A primary approach to addressing these issues has been to adapt conventional outlier detection and influence diagnostic methods from regression analysis [5,6,7]. Viechtbauer and Cheung [4] proposed a comprehensive set of such methods for meta-analysis, including residual-based measures, leave-one-out diagnostics, and measures of influence on model parameters and heterogeneity. These methods have been widely used in applied systematic reviews and have also been extended to more complex evidence synthesis settings, including bivariate meta-analysis of diagnostic test accuracy studies [8], network meta-analysis [9], and analyses of multicenter or multiregional clinical trials [10,11].

Although these influence diagnostics are useful, their interpretation still often depends on asymptotic reference values or informal cutoffs. For example, Studentized residuals may be compared with conventional normal quantiles, and likelihood-ratio statistics may be compared with chi-square reference distributions. These criteria do not explicitly account for the finite number of studies, the observed pattern of within-study variances, or the estimated degree of between-study heterogeneity. In realistic meta-analytic settings, particularly when the number of studies is small or moderate, such approximations may be crude. Bootstrap methods provide a natural way to evaluate the sampling variability of diagnostic measures and to construct data-adaptive reference values [12]. Similar bootstrap-calibrated approaches have been used in recent methodological studies on influence diagnostics for multicenter and multiregional clinical trials, diagnostic test accuracy meta-analysis, and network meta-analysis [8,9,10,11]. However, user-friendly computational tools for applying these methods in routine pairwise meta-analysis remain limited.
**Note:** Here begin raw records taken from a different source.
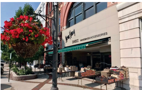
Summer Sidewalk Sales

“Main Street offers communities a system to make steady improvements to our long-term strategies which allows us to highlight our best attributes while providing valuable resources for area development yielding long-term success in municipal growth.”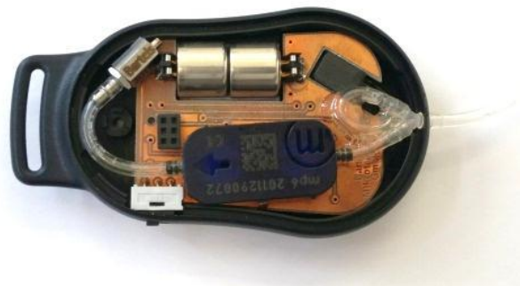
Figure 2: Micropump mp6-AIR integrated in a portable system for NPWT.

System consists of check valve mp-cv, micropump mp6-AIR, pressure sensor and battery powered electronic.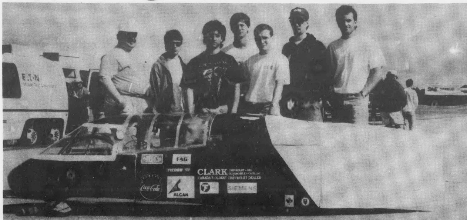
Last year's team and UNB's ninth place vehicle in Michigan.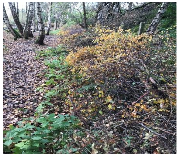
Habitat Pile created from cleared wood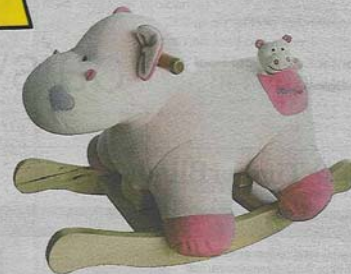
Hillary the Hippo rocking horse, $159.95 from Bay Bee Cino, which also makes organic cotton baby clothes, toys, cots, carriers, maternity wear and nursing garments ($10 from the sale of each garment goes to the National Breast Cancer Foundation). Knits for babies are made by women in Zimbabwe. Phone 1300 229 233 for nearest stockist. baybeecino.com.au

This article makes three contributions. First, we present a unified implementation framework for bootstrap-calibrated outlier and influence diagnostics in standard fixed-effect and random-effects meta-analysis. The diagnostic measures considered here are closely related to existing influence diagnostics, and the contribution of boutliers is primarily to provide a practical bootstrap-calibrated implementation that yields empirical reference distributions, study-specific critical values, and bootstrap p-values for routine use. Second, we describe the implementation of these methods in the R package boutliers, which is available on CRAN and provides simple commands for applied users. Third, we illustrate how the resulting diagnostics can be interpreted in practice using a real published meta-analysis dataset on chronic low back pain. The package provides three leave-one-study-out diagnostic measures: (1) Studentized deleted residuals, (2) relative changes in the variance of the pooled effect estimator, and (3) relative changes in the between-study variance. In addition, it implements a likelihood-ratio diagnostic based on a mean-shifted random-effects model. These methods evaluate complementary aspects of influence and can support transparent sensitivity analyses in systematic reviews.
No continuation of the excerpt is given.